Андрей прислал Жуковскому свои стихи. Жуковского они поражали — совершенством слога, мрачной силой мысли.
Свободы ты постиг блаженство,Но цепи на тебе гремят;Любви постигнул совершенстваИ пьешь с любовью вместе яд.И ты терзаешься тоскою,Когда другого в гроб кладешь!Лей слезы над самим собою,Рыдай, рыдай, что ты живешь!
«Это будет великий поэт, — думал Жуковский. — Ему открылось что-то такое, что еще никому не ведомо». В июле 1802 года в очередной книжке карамзинского «Вестника Европы» обнаружил он новое произведение своего друга под названием «Элегия». Карамзин сопроводил ее примечанием: «Это сочинение молодого человека с удовольствием помещаю в «Вестнике». Он имеет вкус и знает, что такое пиитический слог». Чудесно преображен был в стихотворении дух Юнга и Грея, — это был совсем не перевод и не подражание, — это было оригинальное, собственное Тургенева сочинение.
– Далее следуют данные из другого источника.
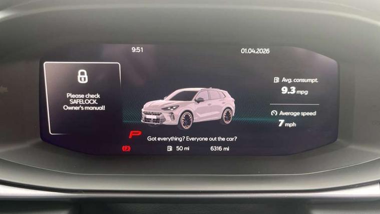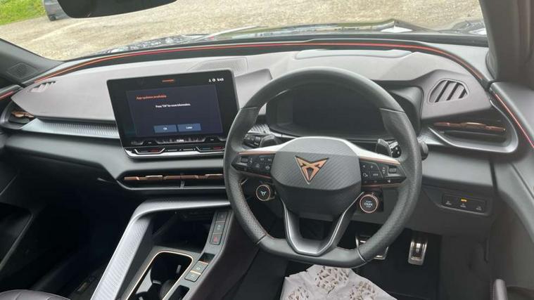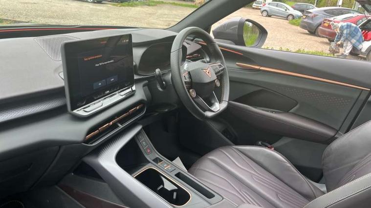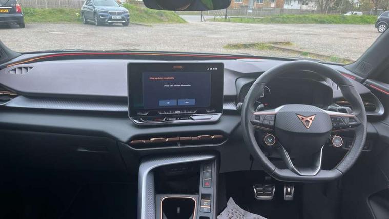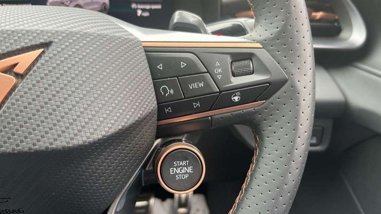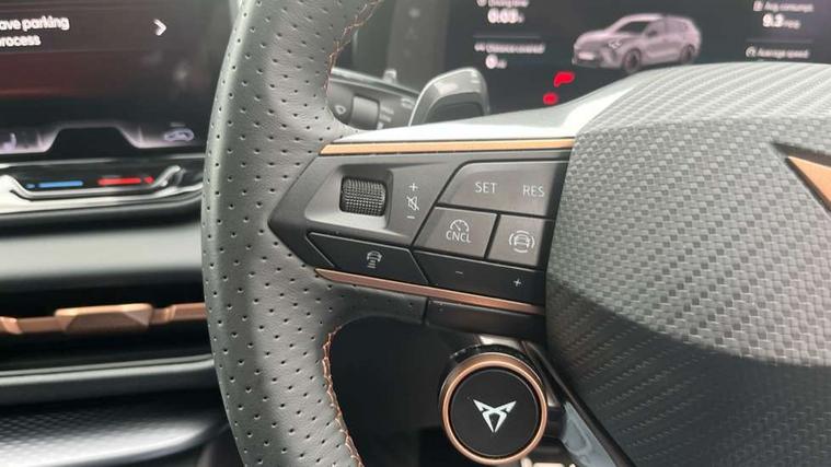 10.25" digital cockpit and configurable dashboard, Adaptive cruise control with follow-to-stop and speed limiter, Advanced driver alert system, Advanced lane assist with semi-automatic vehicle control in a medical emergency and traffic jam assist, Driving profile selection (DCC- Comfort, performance, CUPRA, Individual, Dynamic road sign display, E-call, Electric tailgate with virtual pedal, Emergency steering support with turn assist, Front and rear parking sensors, Front assist (Forward collision warning with automatic braking) with multifunction camera and front cross traffic assist, Head up Display, Intelligent park assist, Media system with Nav - 12.9" touch display, voice control, full link phone (wired/wireless), DAB and Steering wheel mounted controls, Rear traffic assist, Side and exit assist, Speed sensitive power steering, Start/stop system with regenerative braking, Top view camera (front camera, rear camera, 2 side cameras), Wireless phone charger, Adaptive chassis control with a 2-valve shock absorber, Auto dimming rear view mirror, Black roof rails, CUPRA 3D rear lights with ceremony & swiping indicator and illuminated logo, Dark tinted rear windows, Daytime running lights with automatic headlight control and Coming and Leaving home function, Door mirrors with memory function and lowing function on passenger mirror, Electric front/rear windows, Electrically adjustable, heated and folding door mirrors, Front fog lamps with cornering function, Heat reflecting windscreen, High beam assist, Rain sensing wipers, Rear fog light on one side, back up light on both sides, Rear side wing doors, Rear wash/wipe, Third brake light, Welcome lights (within exterior mirror housing), 3 seat bench in 2nd row, Black roof lining, Cupra sports pedals, Driver seat memory function, Electrically adjustable front seats including lumbar support, Four x USB Type C ports (2 in front and 2 in rear), Front and rear head restraints, Front and rear reading lights X 4, Front centre armrest, Heated front seats, Heated leather wrapped multi function sports steering wheel with tiptronic, Illuminated interior front door sills, Isofix, Leather upholstery, Operating voltage 12V, Single front passenger seat, Smart wraparound interior lighting, Sunvisors with illuminated mirror, Three zone climate control with control panel in rear, Unsplit rear seat bench, split folding backrest, with centre armrest, Variable luggage/load compartment floor, Pure performance pack - Terramar, 3 point seatbelts in front with pretensioner and electric height adjustment, 3 point seatbelts on all rear seats, Brake control system - ESC and brake booster, Child proof door locks, Driver and front passenger airbags, Electronic parking brake, Front and rear disc brakes, Front interaction airbag, Front passenger airbag deactivation switch, Front side airbags with curtain airbags, Pre-crash front and rear seat belt tensioner, window closure and hazard lights, Tyre pressure monitoring system, Visual and acoustic seat belt reminder, electric contact in front and rear, Anti theft alarm, Keyless locking and starting system with keyless access, Locking wheel bolts, Black decorative trims, Chrome interior detailing, Performance tyres in polmer coating, Tool kit,

Жуковский сразу понял, что Тургенев вышел в новое поэтическое пространство, — меланхолию карамзинистов он преобразил в чувство трагическое, сильное.
Жуковский вспомнил, какими страстными и даже злыми слезами плакал Андрей, положив голову на руки, когда приходил он из московских трущоб домой... «Да, мы все — добрые! — восклицал он. — Но и самого доброго из нас пусть да грызет совесть». В «Элегии» — грозный — вселенский образ Осени, похожей на конец света, — «бурная осень», равнозначная разверстой Могиле, символу всепоглощающего Времени, беспристрастная жестокость Природы, обусловливающая равенство всех людей — равенство перед Смертью... Единственное вечное в человеке — любовь! Любовь заставляет сострадать — то есть создавать братство людей; любовь уничтожает зло; всякое горе она лишает его злобной силы:
И в самых горестях нас может утешатьВоспоминание минувших дней блаженных!
Все то доброе, что есть в жизни человека, пусть его бывает чаще всего и слишком мало, — перевешивает и побеждает злую стихию бытия, если оно помнится с любовью... Отсюда как презренна погоня за богатством, чинами, всякое тщеславие...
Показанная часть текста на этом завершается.